[osis-core] references and self-ids Part 1 -
Assumptions/statements
Steve DeRose
osis-core@bibletechnologieswg.org
Wed, 10 Jul 2002 13:03:57 -0400
At 09:57 PM -0600 07/08/02, Todd Tillinghast wrote:
>I have read through the Patrick's most recent posting as well as several
>of the other postings.
>
>Just to make sure we are all on the same page I put together the
>following statements with I believe are TRUE and represent our intent
>with respect to references. If you don't believe any of these
>statements to be true please post a response.
>(I am using the term reference in the broadest sense to mean either self
>identification or to mean an external reference that is either work
>specific or work abstract.)
>1) The simple part of the reference (ex Gen.1.1) has no meaning outside
>of the context of at least a reference system.
If you really mean "reference system" here, as in, we can't know that
this is not the essay on Gennesee Gin, part 1, poem 1, then sure. If
you mean versification scheme, then I'd say it's meaningful, but not
fully specified -- most of the time not knowing the v. scheme won't
matter.
>2) Whether validated or not a reference system defines the set of valid
>references.
OK
>2) There may be zero or more specific works that are compliant with and
>use a given reference system.
Yes.
>3) In some cases a reference system and a specific work are equivalent,
>either because a specific work defines the reference system or because
>there is only one instance of the work.
If by equivalent you mean, predictable from each other, or in a
one-to-one relationship, then yes.
>4) It is possible to create a reference to a specific work using a
>reference system that it does not support. (The
>translation/transformation would be left to software to resolve.)

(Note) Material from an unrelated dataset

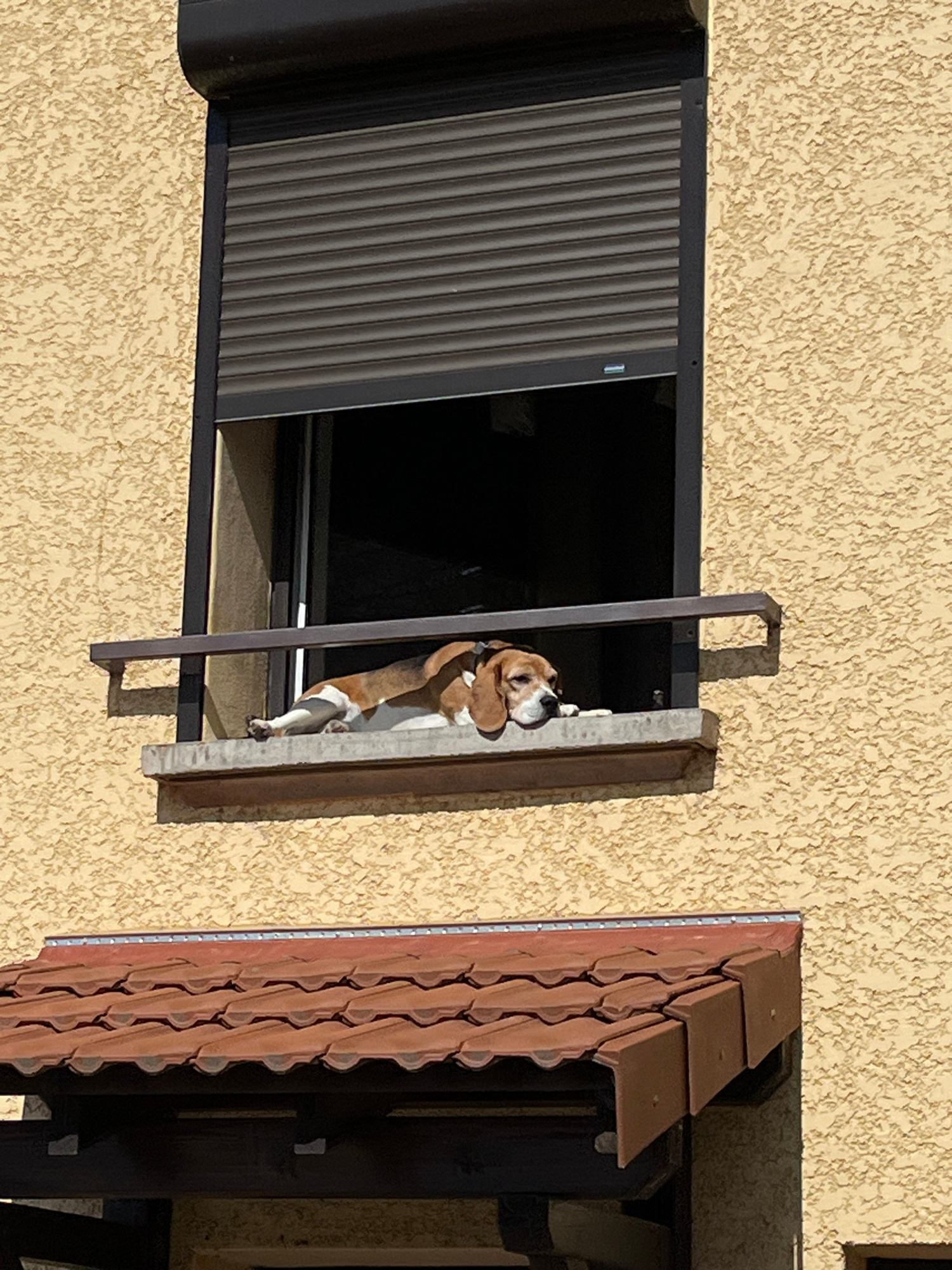A tan and white beagle is wedged in a partially open window on a building. The building's exterior is textured and painted a light yellow color. The window frame is dark gray, and the partially open s…read more
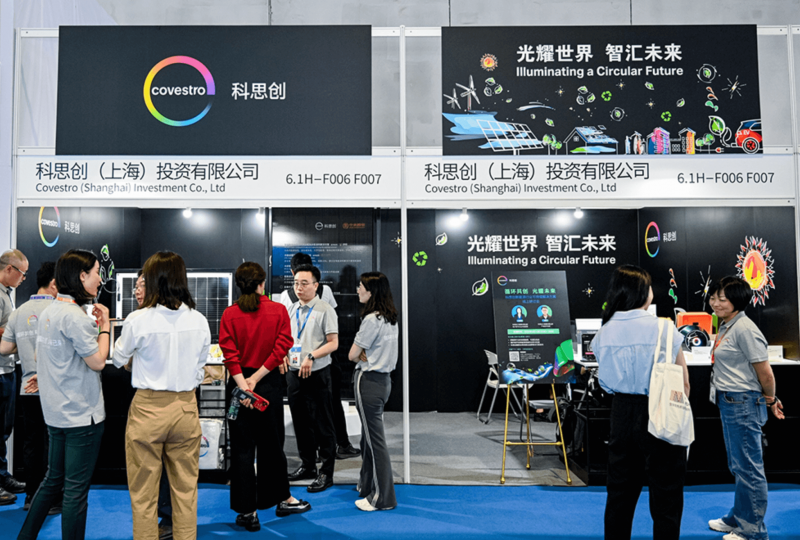 展示亮点之一是科思创与回天新材携手推出的创新型部分生物基光伏涂层背板,其在行业内首次采用了生物基含量高达70%[*1]的科思创Desmodur® CQ部分生物基固化剂。该涂料解决方案可确保背板的防水、抗紫外线以及电绝缘等关键性能与同类石油基涂层背板相当,并显著降低碳排放。例如,如果使用Desmodur® CQ,每生产1吉瓦太阳能背板,就可减少41吨二氧化碳排放,相当于1万棵树一年的二氧化碳吸收量。CQ用于标识替代性原材料含量至少为25%的科思创产品。

Yes (actually, probably left to a mapping table to specify, and then
for software to resolve.
>5) Although a reference system is required, the specific work is
>optional.
Right.
>
>
>It seems that we desire to do the following:
>A) Self-identify text (mainly verses but also ranges of text, chapters,
>and books).
>B) Have the self-identifying identifiers be tied to a reference system
>OR a reference system and a work without having to explicitly state the
>reference system and work with each identifier.
>C) Be able to self-identify text from more than one reference system
>and/or work within a single document.
>D) Create references (not self-identification).
>E) Create a reference to a range of text.
>F) Describe a reference at greater granularity than the reference system
>defines. (grain)
I'd agree with all those. I'd also pin down a few more details, to
some things like:
E1) A range may start and end at any reference-system-specified unit,
or any grain within one.
E2) A range must be confined to a single work.
E3) A range (or for that matter any reference) may become meaningless
when mapped from one edition of a work to another, for various
reasoning such as the referenced text not being included in some
editions, or a range's ends being re-ordered.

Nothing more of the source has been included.